Sometimes stories in the Adams Daily align to form a narrative. While the stories themselves may be totally different, something, regardless of how hidden or vague it may be, connects them. Friday, August 15, 2025, had such a tale to tell.
The lead stories dealt with news from Indiana, Virginia, Maryland, Iowa, New York, Missouri, Illinois, and Michigan reporting gaming revenue increases in July 2025 over July 2024, and an announcement from Missouri that Circa and DraftKings had been awarded mobile sports betting licenses untethered to any casino. It was a major victory for Circa, as it beat out FanDuel. And in Asia, the Sands is paying a dividend. Gaming is healthy and growing.
The Nevada section featured an article celebrating the opening of Benny Binion’s Horseshoe in downtown Las Vegas on August 14, 1951. According to KVVU Fox 5 in Las Vegas, the Horseshoe was a game changer, with carpets instead of sawdust-covered floors, complimentary drinks and meals for all gamblers, and high limits. Benny and the Horseshoe became legendary for those limits, taking any bet, a feat never repeated by other operators. The rest of the section covered upcoming entertainment events in the city, including two music festivals and a couple of big-names one-nighters.
In the third section of the Adams Daily, containing national gaming news, were articles from Atlantic City, Pittsburgh, Chicago, New York City, Springfield, Massachusetts, and Norfolk, Virginia. Those articles and cities contained the unspoken narrative, the subtext of the day. Although gaming is healthy, nothing is a slam dunk.
After careful study, the city of Pittsburgh thinks Live! Casino is the right place for a hotel and convention center; city leaders are optimistic that the project will attract investors and bring more revenue to the city.
Atlantic City is getting a new hotel, sans casino, near the Boardwalk. If the Seahaus is successful, it will bring more people to town. And the general manager believes there is a market for people who “are seeking a more restorative and relaxing alternative to the city’s vibrant gaming and entertainment scene.” Like Pittsburg, Atlantic City is hoping if you build it, they will come.

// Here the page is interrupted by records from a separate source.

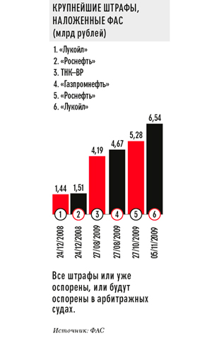 * * Исчисляются не с убытка государства за конкретное нарушение, а со всего оборота компании. И начиная со второй половины нынешнего года ФАС начала активно применять их в «нефтянке». 5 ноября рекордный штраф — 6,54 млрд рублей — был выписан компании «Лукойл». Да и вся первая шестерка крупнейших в истории России штрафов приходится на представителей этой отрасли. Правда, ни один из этих штрафных миллиардов в реальности так еще и не заплачен: холдинги оспаривают их в судах.
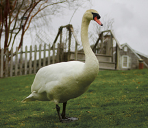 The Mute Swan is very intelligent, with a variety of unique characteristics that makes it a wonderful animal to observe. There are three species of swans in North America. The Trumpeter Swan and the Tundra Swan (also known as the Whistling Swan). They are both native to this continent; however, the Mute Swan is a Eurasian and North African species that was introduced here and now breeds in the wild. The Mute Swan gets its name for being less vocal than other swans. Also, while all other swans communicate with vocalizations during flight, the mute swan remains silent.
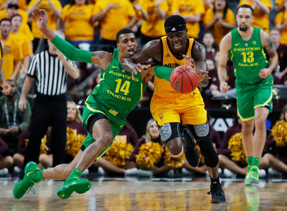 Oregon finalmente se enderezó y creó algunas pérdidas de balón que llevaron a canastas fáciles, tirando dentro de una y manteniendo a los Sun Devils al alcance.
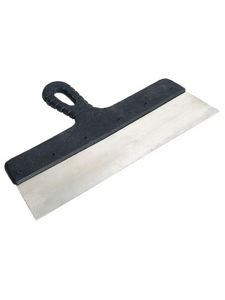 Облегченная ручка из ударопрочной пластмассы. Ручка шпателя имеет специальную (изогнутую) форму, что обеспечивает максимально удобную работу. Шпатель предназначен для нанесения, выравнивания и сглаживания шпаклевочного слоя на больших и малых поверхностях.
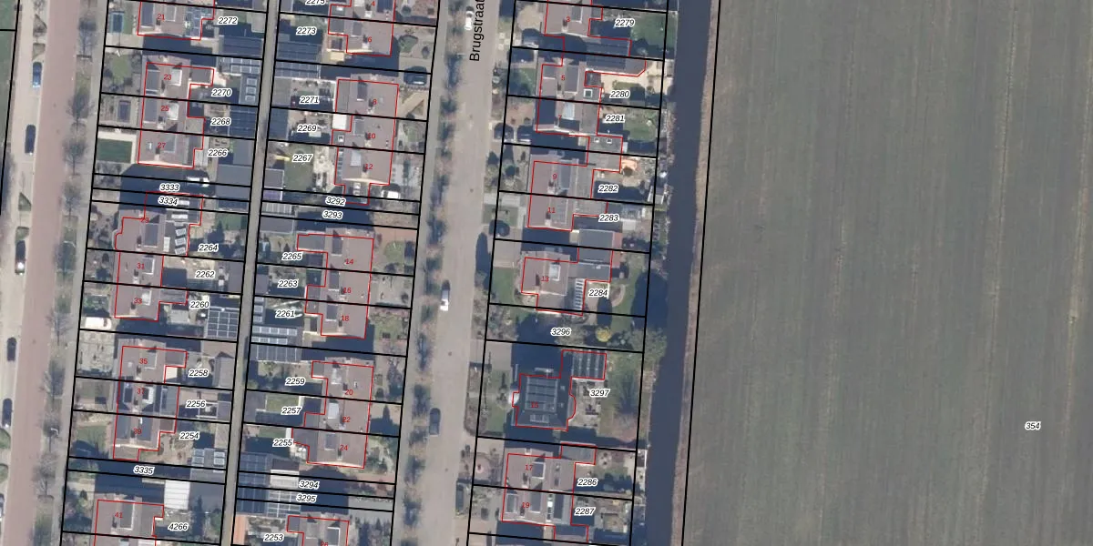 Het perceel waarop Brugstraat 13 staat heeft een oppervlakte van 339 m². Dit is een groot perceel. De perceeloppervlakte wordt geregistreerd door het Kadaster. Gedetailleerde informatie over de maten van dit perceel kunt u vinden in het rapport Kadastrale kaart met maatvoering van Brugstraat 13.

In Norfolk, the Interim Gaming Hall is a temporary casino located in a giant tent. It will open in November and have 130 slot machines, no table games, and a food truck. Boyd Gaming wants the Interim to offer “a sneak peek of the exciting gaming experience and memorable guest service.” Boyd hopes the Interim will hold prospective customers’ attention until a full service, amenity-filled, permanent casino opens in 2027.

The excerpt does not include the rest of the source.